Los Angeles Times - August 19, 2009
Tom Hamburger, Reporting from Washington


The administration may be reluctant to confront pharmaceutical firms during the healthcare debate, critics say. 'We had high hopes for change' after Bush, an Oxfam official says.

In an unexpected spillover from the healthcare battle, activists in Washington, and Thailand and other developing countries are accusing the Obama administration of endangering access to affordable drugs to fight AIDS and other epidemic diseases.

And they say the problem may lie in the administration's reluctance to confront the giant pharmaceutical companies at a time when the companies are crucial allies in President Obama's struggle to revamp the U.S. healthcare system.

Organizations such as Doctors without Borders and OxFam International long accused U.S.-based pharmaceutical companies and the Bush administration of impeding their efforts to make generic drugs available to fight major diseases in poor countries. They say they expected Obama to take a less restrictive approach.

Now, many say those expectations have been disappointed.

"We had high hopes for change," says Rohit Malpani, a policy advisor to Oxfam, an international advocacy organization that opposed Bush-era trade policies as detrimental to public health.

"It appears that Obama appointees are continuing to work from the playbook of the last administration," he said.

Obama administration officials reject the claims of Malpani and half a dozen other health advocates interviewed by the Times/Tribune in the last two weeks, saying that the president remains committed to the international health goals he embraced during the campaign.

The administration has already initiated some changes, officials say.

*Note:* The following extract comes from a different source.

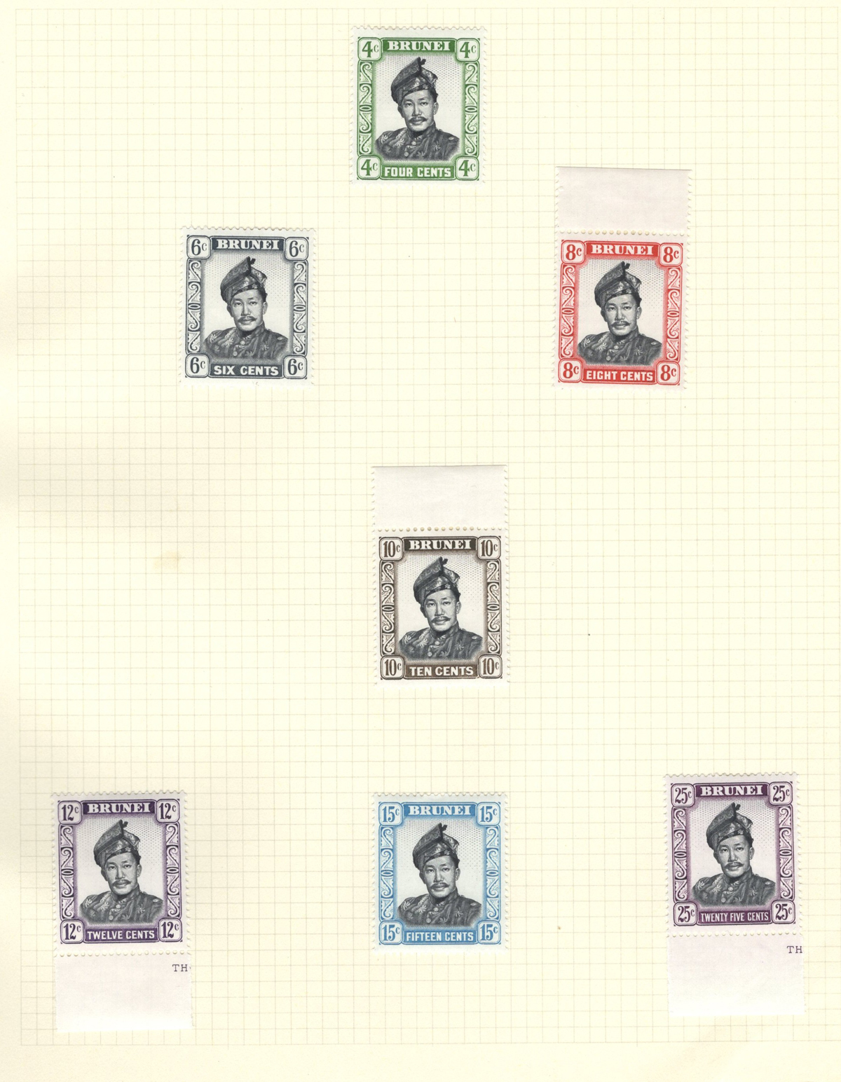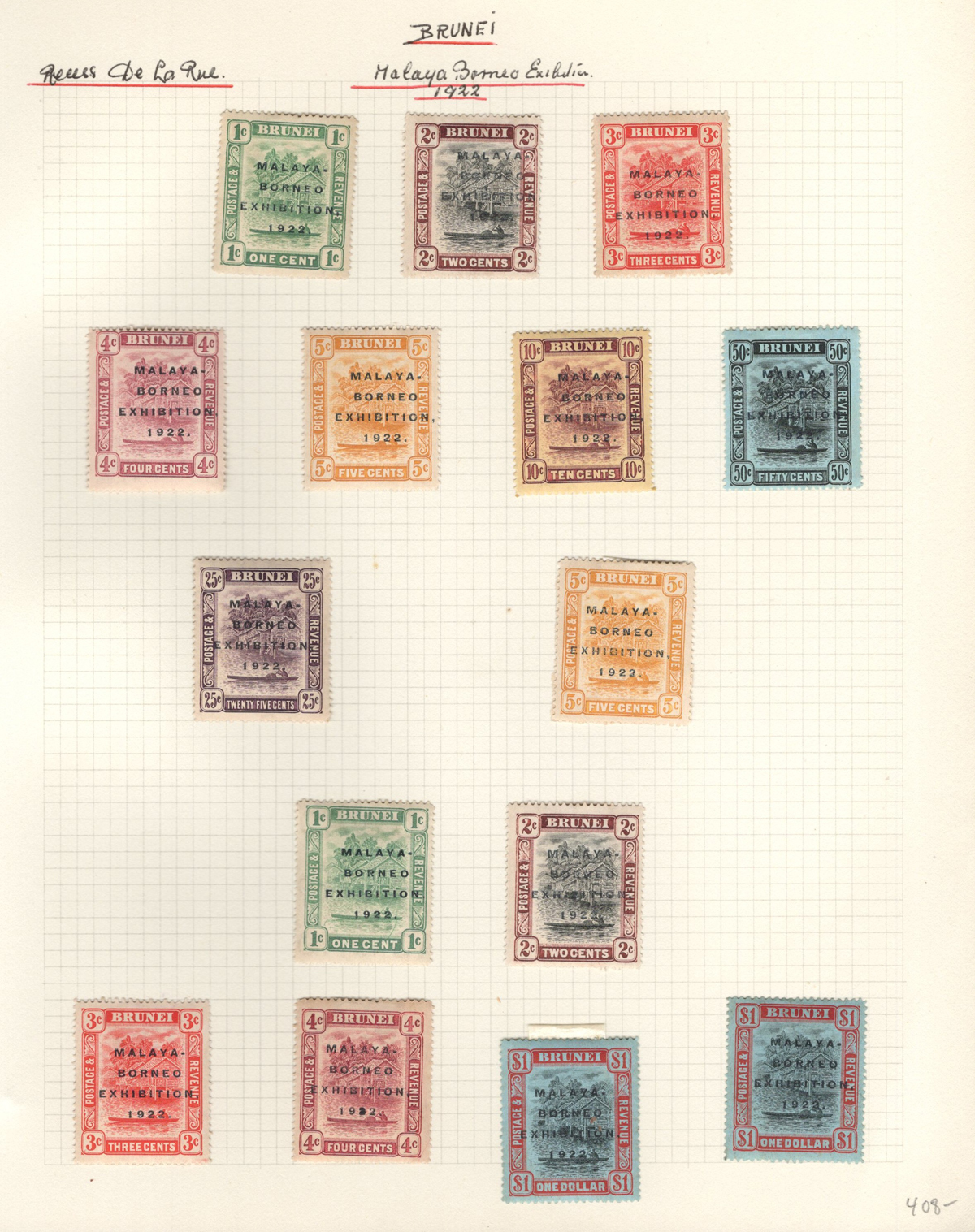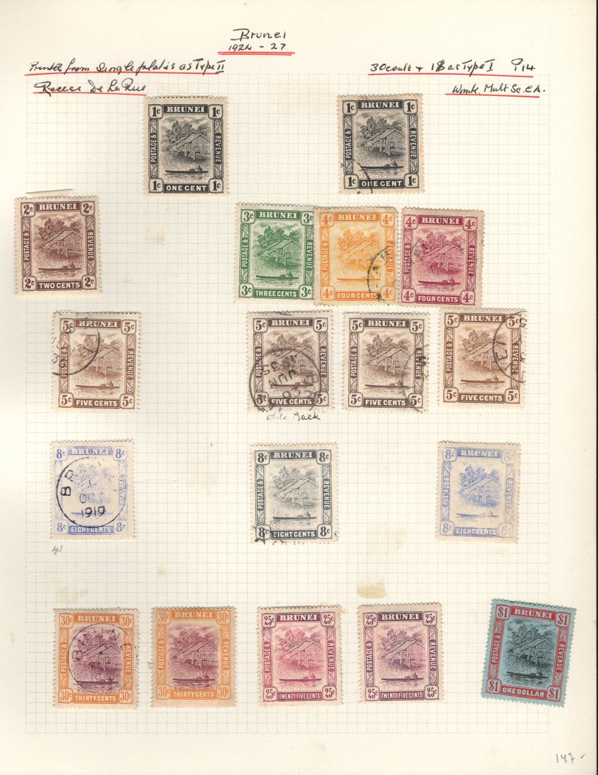 647 O/og   imageOld Time Collection of Mint and Used Brunei, 1906-1958, mounted on 12 quadrille pages, showing most issues in period in mint, with some used added here and there. We note many complete sets, pairs, blocks, extra shades, some duplication, and more, with several high value items throughout, such as #s 14B-37A (two mint sets @ $242 each), and many more. Some of the Scene on Brunei River issues are mixed (some values are mounted on the incorrect pages), still lots of useful material here, generally with bright colours and fine to very fine. All pages scanned online. (Scan 1) (Scan 2) (Scan 3) (Scan 4) (Scan 5) (Scan 6) (Scan 7) (Scan 8) (Scan 9) (Scan 10) (Scan 11) (Scan 12) (All Scans) (All Images)

The issue is expected to be discussed today at a meeting of the advocacy community and Obama administration officials from State Department, the U.S. trade representative and the Commerce Department.

Industry leaders support many programs for providing lower-cost drugs and note that they have contributed billions of dollars in medicines to poor countries.

But they say they press for aggressive enforcement of rules against copying their products so as to assure the quality and safety of drugs, as well as assuring economic incentives for developing new medicines.

Critics were especially unhappy with trade representative reports released this spring on intellectual property enforcement and with negotiations in Geneva over a treaty to set drug research and funding priorities to fight disease around the world.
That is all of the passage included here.